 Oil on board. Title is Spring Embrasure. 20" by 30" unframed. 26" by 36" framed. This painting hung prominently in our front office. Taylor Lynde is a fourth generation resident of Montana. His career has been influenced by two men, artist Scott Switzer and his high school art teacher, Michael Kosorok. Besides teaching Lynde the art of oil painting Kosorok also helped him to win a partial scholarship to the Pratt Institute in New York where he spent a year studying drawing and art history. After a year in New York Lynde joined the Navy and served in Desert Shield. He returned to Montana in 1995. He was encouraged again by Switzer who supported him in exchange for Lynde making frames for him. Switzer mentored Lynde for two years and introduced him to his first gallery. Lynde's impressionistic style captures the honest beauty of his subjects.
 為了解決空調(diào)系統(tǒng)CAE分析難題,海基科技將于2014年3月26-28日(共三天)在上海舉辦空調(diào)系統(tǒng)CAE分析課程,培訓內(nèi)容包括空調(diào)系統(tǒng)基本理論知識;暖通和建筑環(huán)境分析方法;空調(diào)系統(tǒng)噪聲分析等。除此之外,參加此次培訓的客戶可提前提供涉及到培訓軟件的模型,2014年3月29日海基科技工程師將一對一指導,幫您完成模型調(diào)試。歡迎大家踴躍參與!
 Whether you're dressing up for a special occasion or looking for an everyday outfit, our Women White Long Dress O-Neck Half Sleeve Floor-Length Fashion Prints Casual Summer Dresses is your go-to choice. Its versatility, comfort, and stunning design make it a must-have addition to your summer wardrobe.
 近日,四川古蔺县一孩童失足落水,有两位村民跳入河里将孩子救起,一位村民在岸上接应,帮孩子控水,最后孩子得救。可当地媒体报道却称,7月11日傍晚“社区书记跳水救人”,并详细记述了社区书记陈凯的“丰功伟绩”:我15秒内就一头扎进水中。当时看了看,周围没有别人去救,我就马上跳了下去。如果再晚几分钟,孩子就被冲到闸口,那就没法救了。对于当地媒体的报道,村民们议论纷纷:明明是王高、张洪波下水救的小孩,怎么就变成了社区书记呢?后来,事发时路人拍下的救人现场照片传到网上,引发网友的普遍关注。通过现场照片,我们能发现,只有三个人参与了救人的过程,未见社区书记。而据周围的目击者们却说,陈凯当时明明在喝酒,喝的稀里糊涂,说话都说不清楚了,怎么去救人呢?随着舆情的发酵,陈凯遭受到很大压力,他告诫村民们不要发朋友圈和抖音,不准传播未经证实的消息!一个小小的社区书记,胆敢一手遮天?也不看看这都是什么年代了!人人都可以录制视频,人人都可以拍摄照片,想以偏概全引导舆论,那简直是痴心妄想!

══════════════════════════════

▸ EXERCISE OBJECTIVE: Exactly as shown, output all of the material above.

▸ COMPLETED EXERCISE:
 Oil on board. Title is Spring Embrasure. 20" by 30" unframed. 26" by 36" framed. This painting hung prominently in our front office. Taylor Lynde is a fourth generation resident of Montana. His career has been influenced by two men, artist Scott Switzer and his high school art teacher, Michael Kosorok. Besides teaching Lynde the art of oil painting Kosorok also helped him to win a partial scholarship to the Pratt Institute in New York where he spent a year studying drawing and art history. After a year in New York Lynde joined the Navy and served in Desert Shield. He returned to Montana in 1995. He was encouraged again by Switzer who supported him in exchange for Lynde making frames for him. Switzer mentored Lynde for two years and introduced him to his first gallery. Lynde's impressionistic style captures the honest beauty of his subjects.
 為了解決空調(diào)系統(tǒng)CAE分析難題,海基科技將于2014年3月26-28日(共三天)在上海舉辦空調(diào)系統(tǒng)CAE分析課程,培訓內(nèi)容包括空調(diào)系統(tǒng)基本理論知識;暖通和建筑環(huán)境分析方法;空調(diào)系統(tǒng)噪聲分析等。除此之外,參加此次培訓的客戶可提前提供涉及到培訓軟件的模型,2014年3月29日海基科技工程師將一對一指導,幫您完成模型調(diào)試。歡迎大家踴躍參與!
 Whether you're dressing up for a special occasion or looking for an everyday outfit, our Women White Long Dress O-Neck Half Sleeve Floor-Length Fashion Prints Casual Summer Dresses is your go-to choice. Its versatility, comfort, and stunning design make it a must-have addition to your summer wardrobe.
 近日,四川古蔺县一孩童失足落水,有两位村民跳入河里将孩子救起,一位村民在岸上接应,帮孩子控水,最后孩子得救。可当地媒体报道却称,7月11日傍晚“社区书记跳水救人”,并详细记述了社区书记陈凯的“丰功伟绩”:我15秒内就一头扎进水中。当时看了看,周围没有别人去救,我就马上跳了下去。如果再晚几分钟,孩子就被冲到闸口,那就没法救了。对于当地媒体的报道,村民们议论纷纷:明明是王高、张洪波下水救的小孩,怎么就变成了社区书记呢?后来,事发时路人拍下的救人现场照片传到网上,引发网友的普遍关注。通过现场照片,我们能发现,只有三个人参与了救人的过程,未见社区书记。而据周围的目击者们却说,陈凯当时明明在喝酒,喝的稀里糊涂,说话都说不清楚了,怎么去救人呢?随着舆情的发酵,陈凯遭受到很大压力,他告诫村民们不要发朋友圈和抖音,不准传播未经证实的消息!一个小小的社区书记,胆敢一手遮天?也不看看这都是什么年代了!人人都可以录制视频,人人都可以拍摄照片,想以偏概全引导舆论,那简直是痴心妄想!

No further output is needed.